The EQIA identified that the introduction of the CEB in general, is seen as a positive change for all equality groups as it helps to break down the financial barriers faced by Care Experienced students throughout their education and beyond and will support retention for those currently accessing a university place.
The EQIA identified a potential negative impact with regards to the protected characteristic of 'Age'. Students above the age of 26 would not see an increase in the support available to them in the form of a CEB, as they did not meet the eligibility criteria. In addition, those aged 16-19 may be adversely affected due to the CEB causing a potential reduction in the funding received from their Local Authority.
The impact on this group of students was assessed as part of the Equality Impact Analysis and any outstanding risks were mitigated.
At present, Care Experienced students in HE access the standard undergraduate support package of bursary and loan.

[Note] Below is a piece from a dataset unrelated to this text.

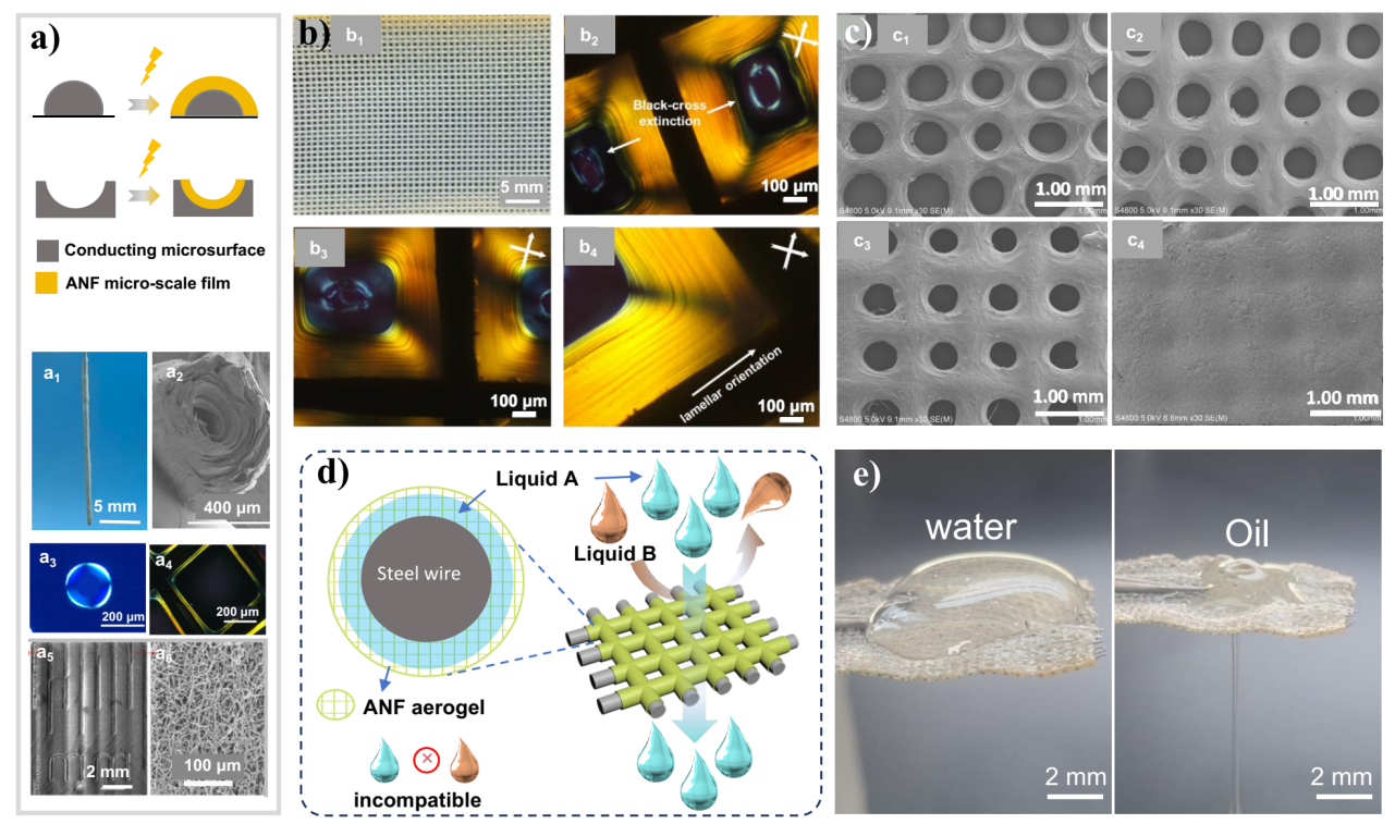 该EM策略具备卓越的微结构构造能力。研究团队通过在具有微结构的导电基底(如微针、微孔、图案化模板、不锈钢网)上进行原位溶胶-凝胶转变,成功制备了各种复杂形状的共形气凝胶壳层结构(图4)。例如,在不锈钢网上形成的共形气凝胶网络,兼具宏观孔道的高通量传输与气凝胶纳米网络的多功能特性,在油水分离实验中表现出有效的选择性分离能力,并可结合基底的电磁感应加热功能实现高粘度原油的分离回收。

The Commission On Widening Access's (COWA) final report 'A Blueprint for Fairness' was published in March 2016 and made three specific recommendations for those with care experience in respect of: university places; student support, and identification across learning. In relation to student support the report recommended that living-cost loans should be replaced with a non-repayable bursary for learners with care experience from Academic Year 2017/18.
The Commission on Widening Access observed that the challenges faced by those with care experience, both in nature and magnitude, set this group of learners apart from others. The Commission said: "Our message to those with care experience should emulate that of a positive parent: we believe in you, we'll do all we can to support you and if things don't go to plan, we'll help you to get back on track."
The Commission's recommendations for this group of students were designed not only to provide tangible support but also to provide a clear message and incentive to potential students of the future.
The CEB was introduced for HE students as a non-income assessed, non-repayable grant of £7,625.
This contributes to the following national outcomes:
- We are better educated, more skilled and more successful, renowned for our research and innovation.
- Our young people are successful learners, confident individuals, effective contributors and responsible citizens
The Scope of the EQIA
The policy has relevance to the protected characteristic of age.
As the introduction of the CEB is intended as a positive change for all prospective care experienced students, it is considered a concise and focussed Equality Impact Assessment is proportionate in these circumstances.
Data provided by SFC shows that in the academic year 2017/18, there were 1,210 care experienced students in HE, 865 of those students were aged 26 and under.
The EQIA considered key data regarding the age, disability, gender, sexual orientation, ethnicity and religion/belief of the care experienced students in HE in the academic year 2017/18.
However, the introduction of the CEB will apply to all eligible care experienced students, irrespective of the protected characteristics and is therefore seen as a positive change for all.
The EQIA identified that there are gaps in the information available relating to the protected characteristics of Pregnancy and Maternity and Gender Reassignment, and therefore the impact that the increased bursary level will have on those protected characteristics.
However, introducing the CEB in HE, in general, is seen as a positive change for all equality groups.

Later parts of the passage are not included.